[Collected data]
════════════════════
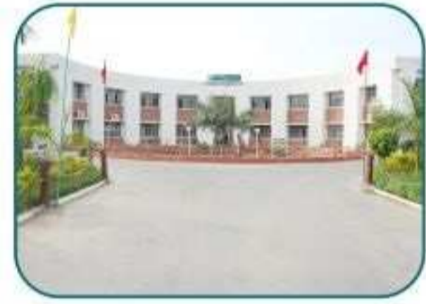
வடல்லி பப்ளிக் ஸ்கூல் 4 கி.மீ. முன்னதாக
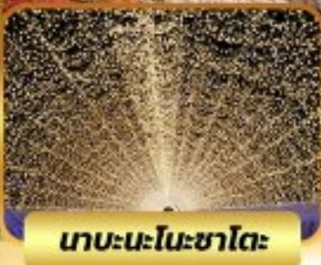
น้ำตกไนเคะซาโตะ
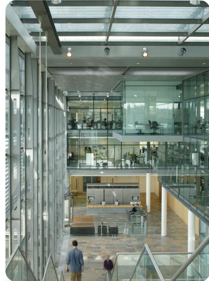
Sophos in Oxford, UK
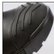
HAIX® HD Cap System
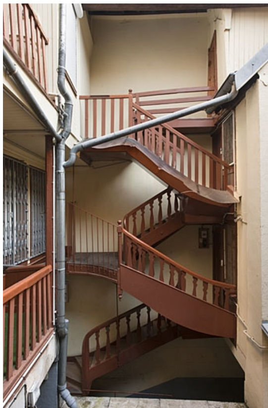
Escalier à cage ouverte à gauche dans la première cour : vue d'ensemble.

25, Besançon, 40, 42 rue Bersot, lieudit : îlot Jean Cornet
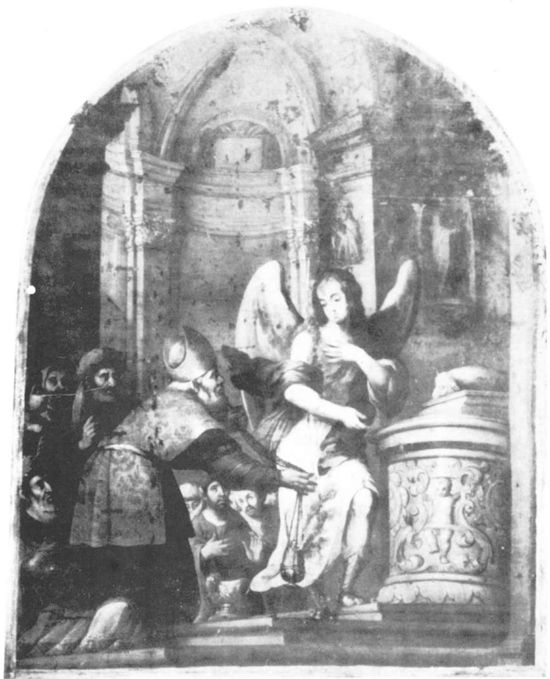
Lámina III.—El anuncio a San Zacarías
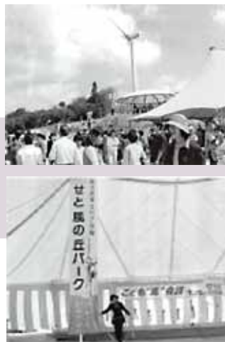
▲広報せと365号（平成15年10月号） 風力発電施設の完成を記念して開催した「風車まつり」のにぎわいを掲載。「せと風の丘パーク」の名称も決定しました。
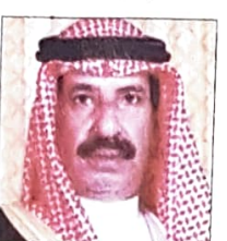
الشيخ عبدالله بن سلمان آل خليفة وزير الكهرباء والماء
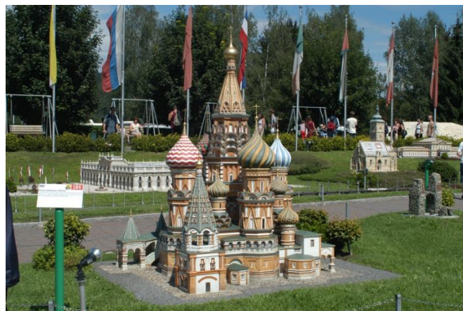
Ob Markusdom von Venedig oder Basilius Kathedrale in Moskau – Sie werden staunen...

Anschliessend Fahrt entlang dem Wörthersee zum – wie könnte es anders sein - Schloss am Wörthersee in Velden. Hier werden wir erwartet im Schlosshotel, bekannt durch seine Filme mit Roy Black und vielen anderen bekannten Schauspielern aus dieser Zeit, zu Kaffee & Kuchen.
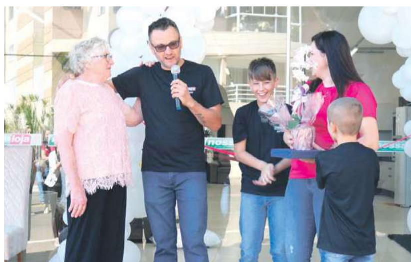
Família comemorou a conquista
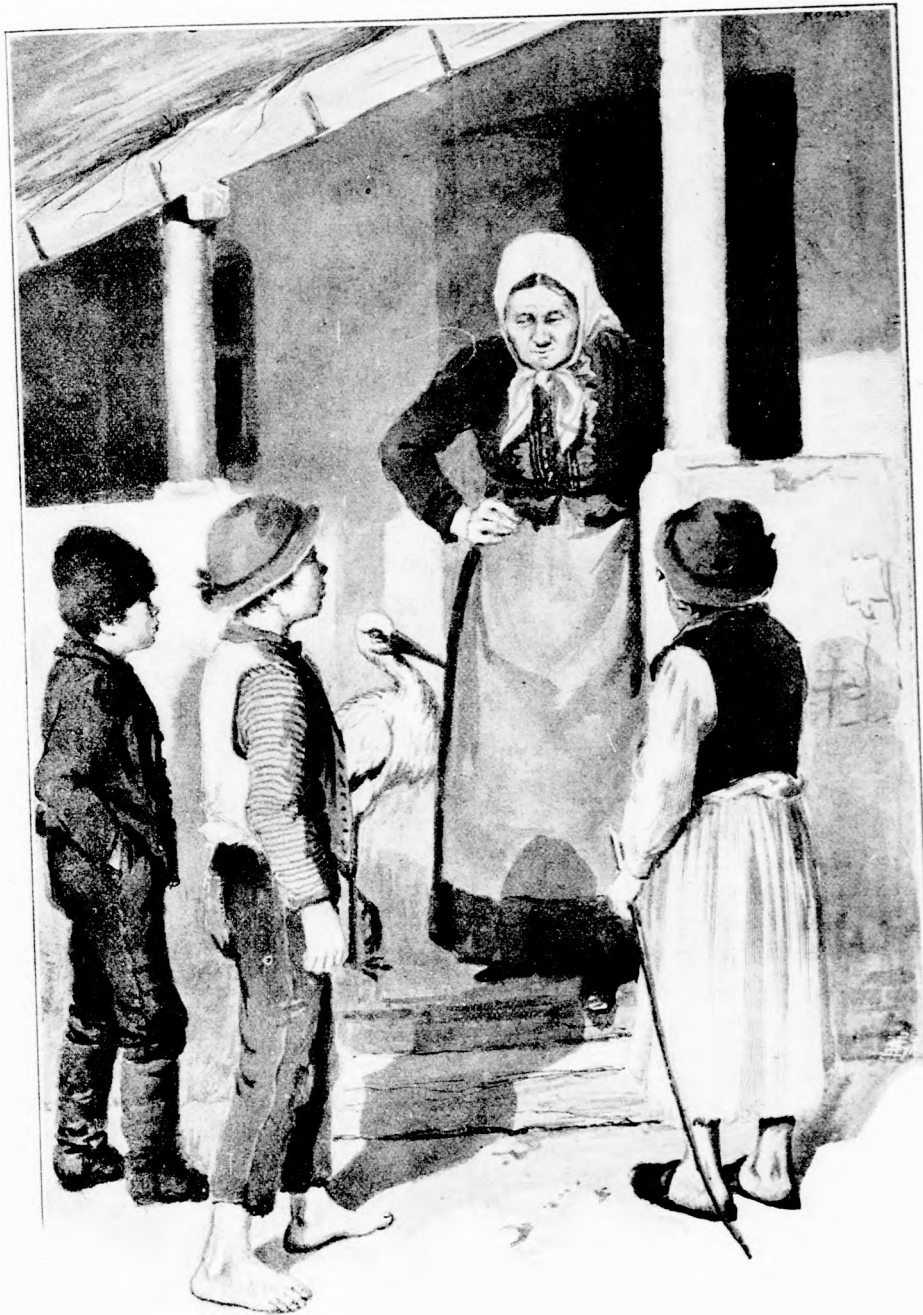
TANÁCSKOZTAK EGYÜTT. (Lásd a 382. lapon.)

bár milyen előkelő nevelésben részesült is, ő bizony nem igen tudta, vagy nem akarta megtanulni, hogy mi a tisztaság. Különben is szörnyen követelő lett a nagy jólétben.
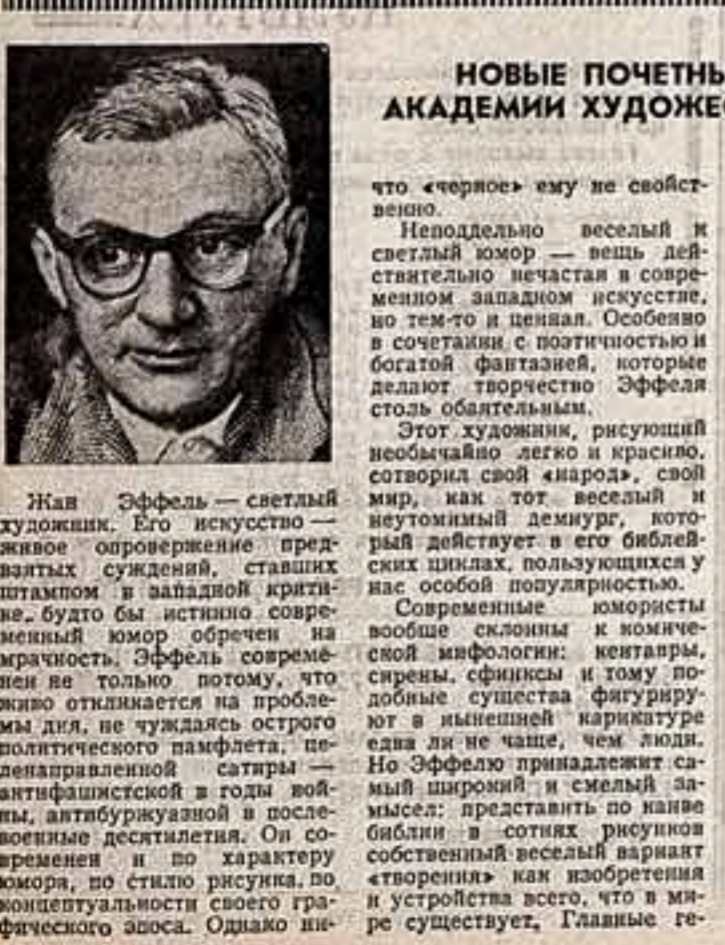
Жан Эффель — светлый художник. Его искусство — живое орошение предвзятых суждений, ставших штампом в западной критике, будто бы истинно современность юмор обрел и приобрел. Эффель современен не только потому, что живо откликается на проблемы дня, не нуждается остро политического памфлета, тенденциозной сатиры — антифашистской в годы войны, антикубинской в последние десятилетия. Он современен и по характеру юмора, по стилю рисунка, по концептуальности своего графического эпоса. Однако ин-

«Общественный совет южнокорейской США приступил к южнокорейскому режиссеру Томасу Гуттюресу. Ален — поставившему фильм «Воспоминания об отставке», премия за лучшую режиссуру и пригласил его принять в Союзные Штаты для ее получения. Однако государственному департаменту США отказался выдать южнокорейскому режиссеру въездную визу. Среди американских работников искусства этот грубый антикубинский выпад вызвал гневное осуждение. «Какое кощунство лицемерно, какое двуличие», — заявил в письме в газету «Вашингтон пост» актер столичного театра «Арена Студио» Теренс Курьер. «По какой логике, — спрашивает он, — мы должны извиниться перед ним, а не наоборот? Он не впустил в страну режиссера, который его поставил! Я хочу извиниться перед южнокорейским режиссером», — пишет Курьер, — за это бездумное, антидемократическое нарушение элементарных принципов свободы и культурного обмена». В. ВАШЕДЧЕНКО, корр. ТАСС — для «Советской культуры», ВАШИНГТОН.
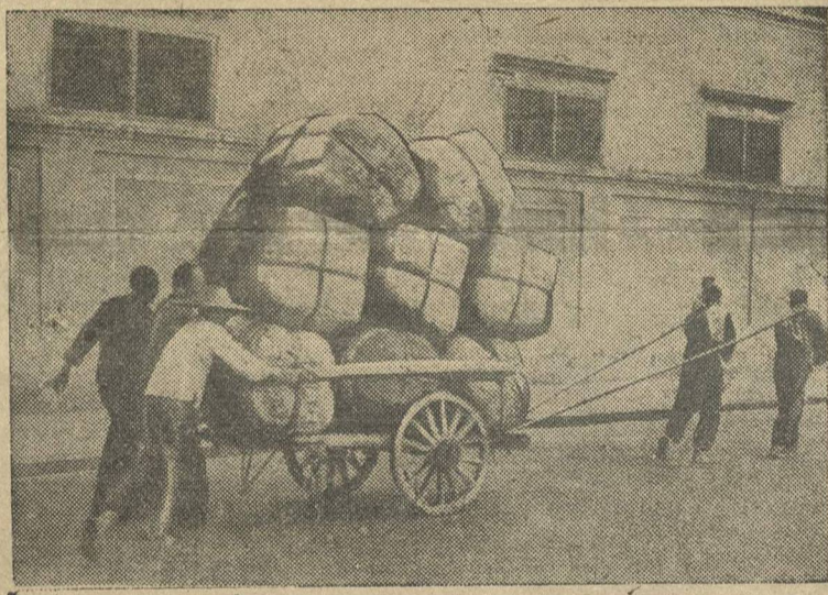
Условия труда китайских рабочих в оккупированных Японией районах наиболее тяжелые в мире. Окупанты не применяют современной механики, предпочитают выезжать на спине китайского рабочего в возке груза на улице Ханькоу. (Фотогалаше ТАСС).

БЕРЛИН, 14 сентября (ТАСС). Официально сообщается, что сегодня в 10 часов 15 минут германские войска вступили в Гдыню. Севернее Гдыни продолжаются бои.
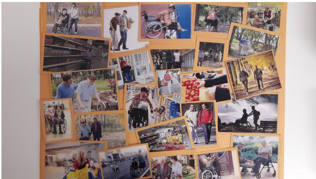
Kuva 4. Auttamistilanteet
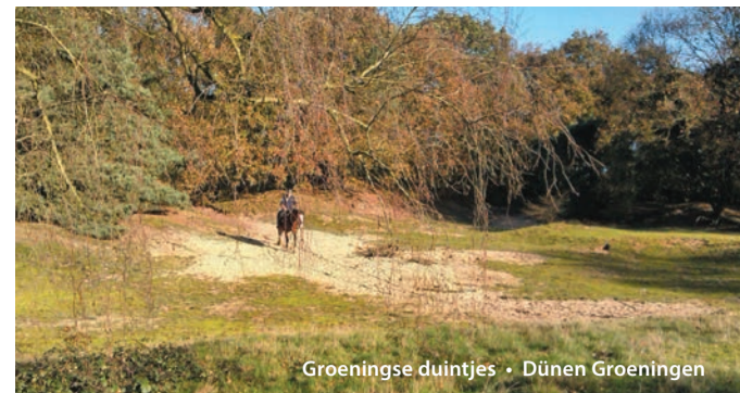
Groeningse duintjes • Dünen Groeningen
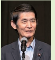
来賓祝辞 衆議院議員 今村 雅弘氏
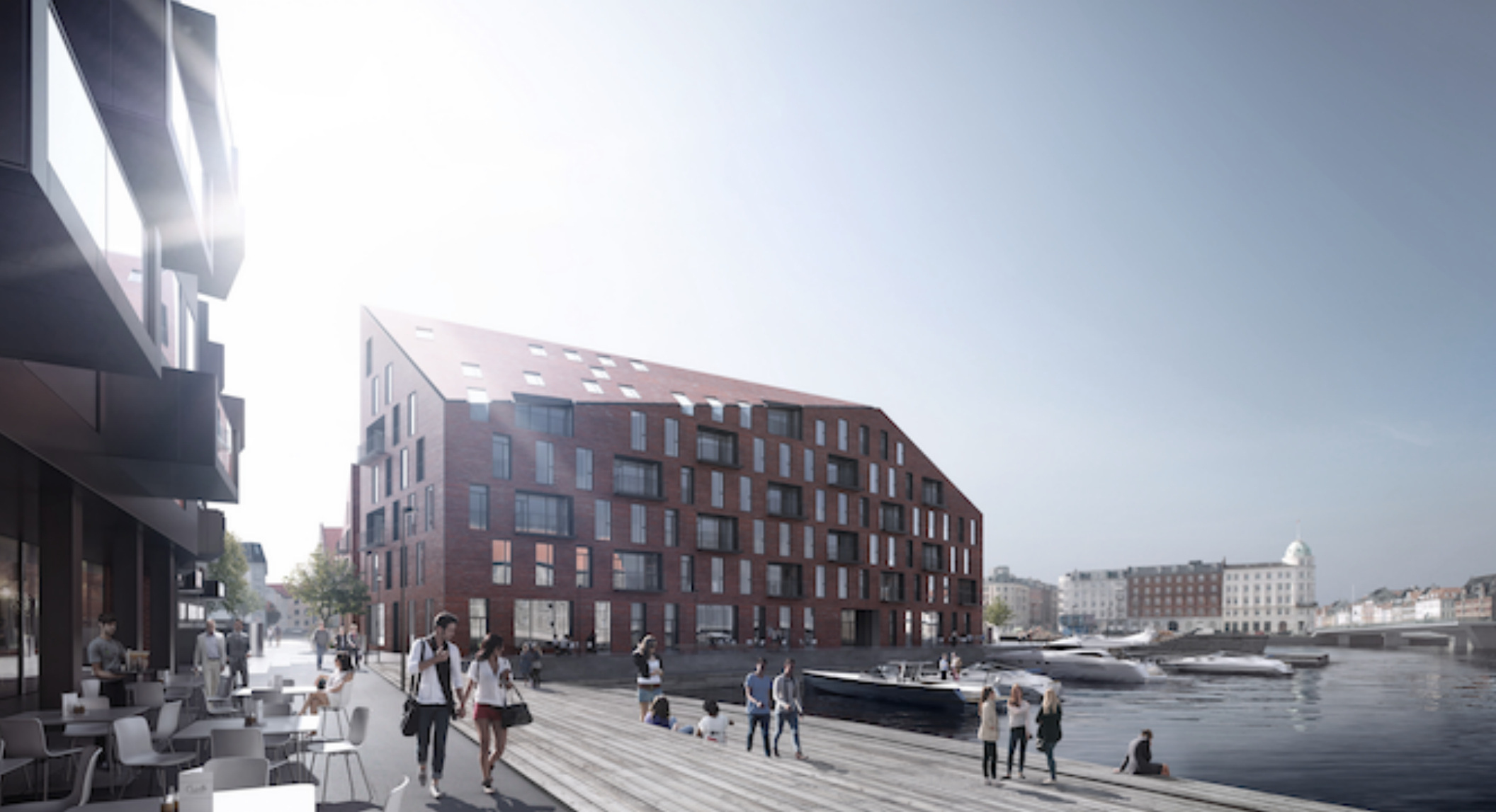
Myers Plads, Copenhagen (Denmark), COBE and Vilhelm Lauritzen Architects
════════════════════
**Exercise instructions**
Pictures stay out. Print the data exactly, from its first line through the line containing "Ob Markusdom von".

**Solution to this task**
வடல்லி பப்ளிக் ஸ்கூல் 4 கி.மீ. முன்னதாக
น้ำตกไนเคะซาโตะ
Sophos in Oxford, UK
HAIX® HD Cap System
Escalier à cage ouverte à gauche dans la première cour : vue d'ensemble.

25, Besançon, 40, 42 rue Bersot, lieudit : îlot Jean Cornet
Lámina III.—El anuncio a San Zacarías
▲広報せと365号（平成15年10月号） 風力発電施設の完成を記念して開催した「風車まつり」のにぎわいを掲載。「せと風の丘パーク」の名称も決定しました。
الشيخ عبدالله بن سلمان آل خليفة وزير الكهرباء والماء
Ob Markusdom von Venedig oder Basilius Kathedrale in Moskau – Sie werden staunen...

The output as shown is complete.